§ **Exercise**:
Copy, word for word, the lines below from the one containing "This is a sturdy, handcrafted" up to and including the one containing "By combining our", with pictures left out.
Records Block Start
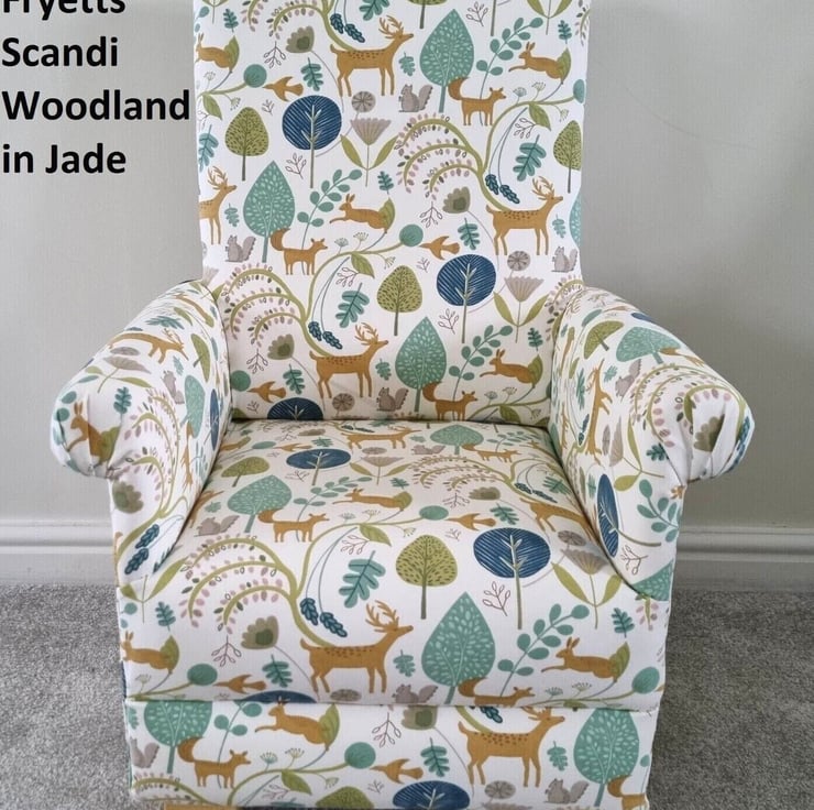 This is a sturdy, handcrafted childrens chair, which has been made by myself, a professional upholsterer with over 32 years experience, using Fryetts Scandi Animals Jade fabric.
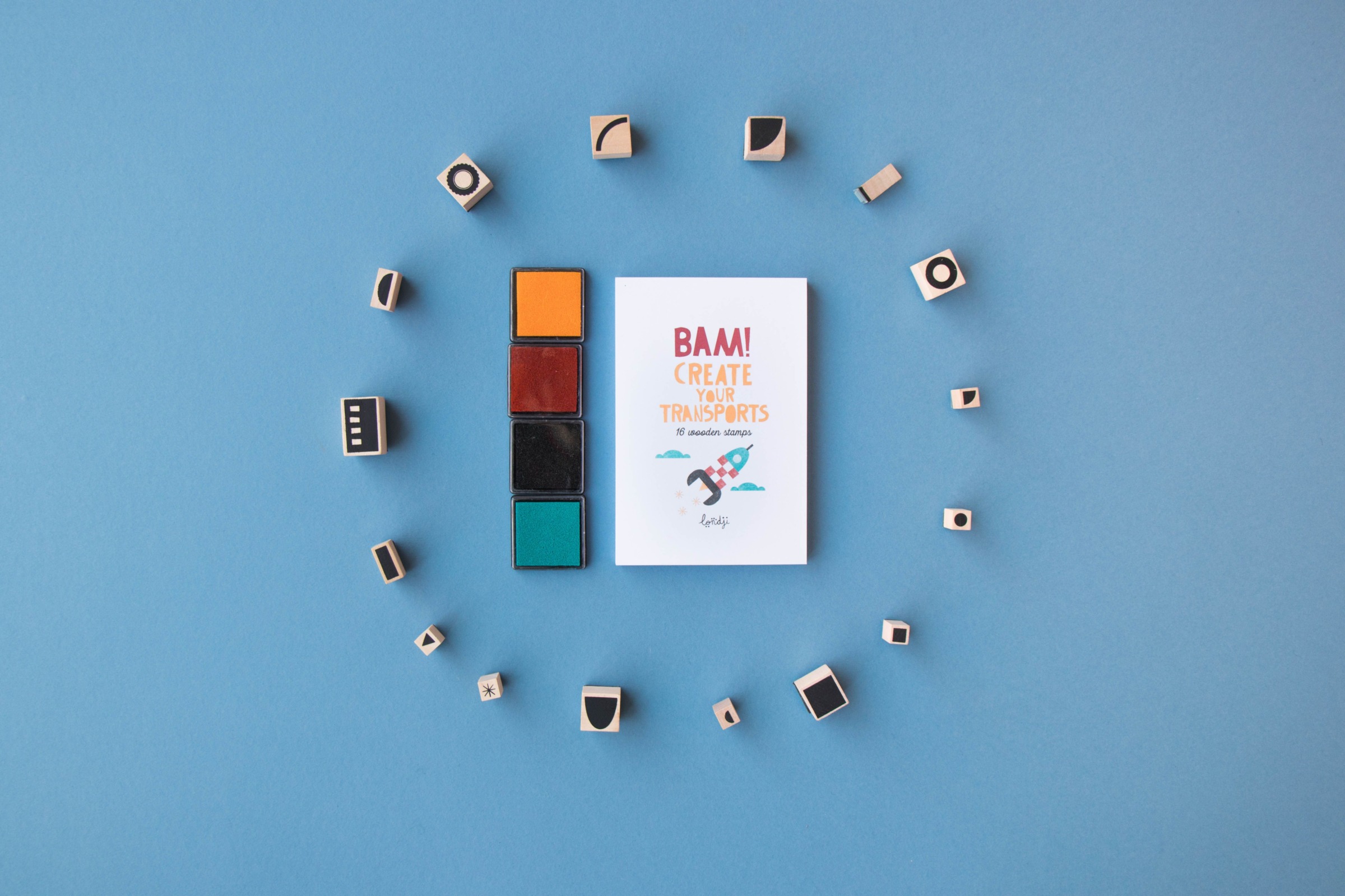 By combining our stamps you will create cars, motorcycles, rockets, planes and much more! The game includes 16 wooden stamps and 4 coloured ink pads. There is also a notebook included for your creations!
Records Block End
Records Block Start
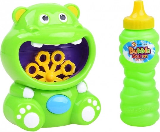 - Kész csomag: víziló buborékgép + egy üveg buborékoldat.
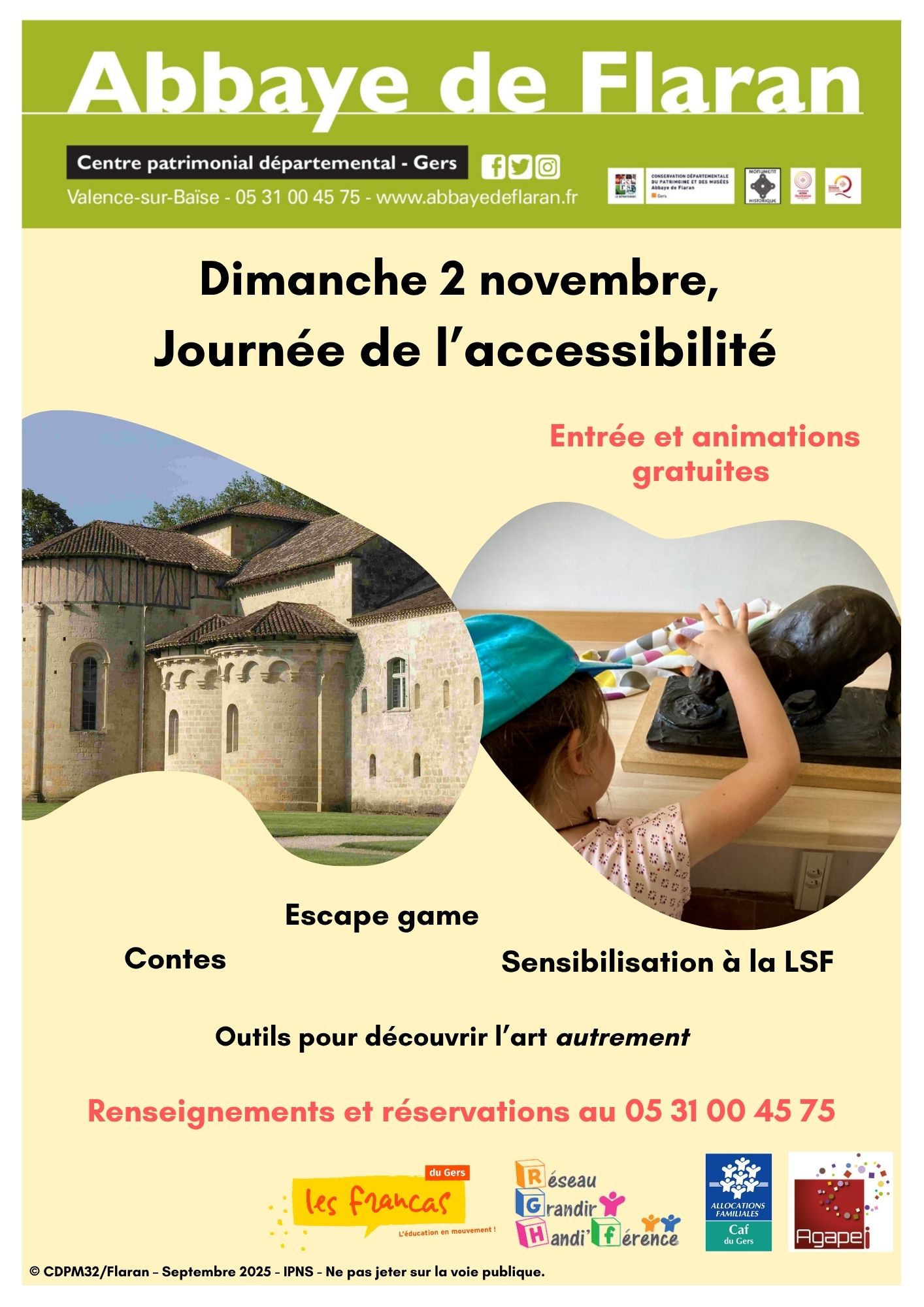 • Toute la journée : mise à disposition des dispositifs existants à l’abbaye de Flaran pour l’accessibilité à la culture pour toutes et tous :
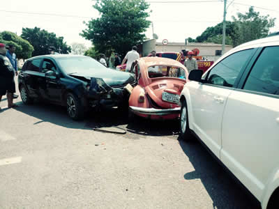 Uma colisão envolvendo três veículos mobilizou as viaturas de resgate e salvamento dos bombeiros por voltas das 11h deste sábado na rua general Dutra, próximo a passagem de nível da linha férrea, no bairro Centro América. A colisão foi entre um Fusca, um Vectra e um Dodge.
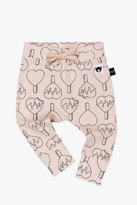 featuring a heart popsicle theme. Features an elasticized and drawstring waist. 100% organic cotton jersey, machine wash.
Records Block End
Records Block Start
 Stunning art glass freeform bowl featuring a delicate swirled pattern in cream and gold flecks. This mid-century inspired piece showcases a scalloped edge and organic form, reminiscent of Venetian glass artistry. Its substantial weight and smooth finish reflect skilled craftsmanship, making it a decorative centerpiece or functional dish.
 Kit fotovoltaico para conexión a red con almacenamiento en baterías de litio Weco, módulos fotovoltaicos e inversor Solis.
Records Block End
§ **Reply to the task**:
 This is a sturdy, handcrafted childrens chair, which has been made by myself, a professional upholsterer with over 32 years experience, using Fryetts Scandi Animals Jade fabric.
 By combining our stamps you will create cars, motorcycles, rockets, planes and much more! The game includes 16 wooden stamps and 4 coloured ink pads. There is also a notebook included for your creations!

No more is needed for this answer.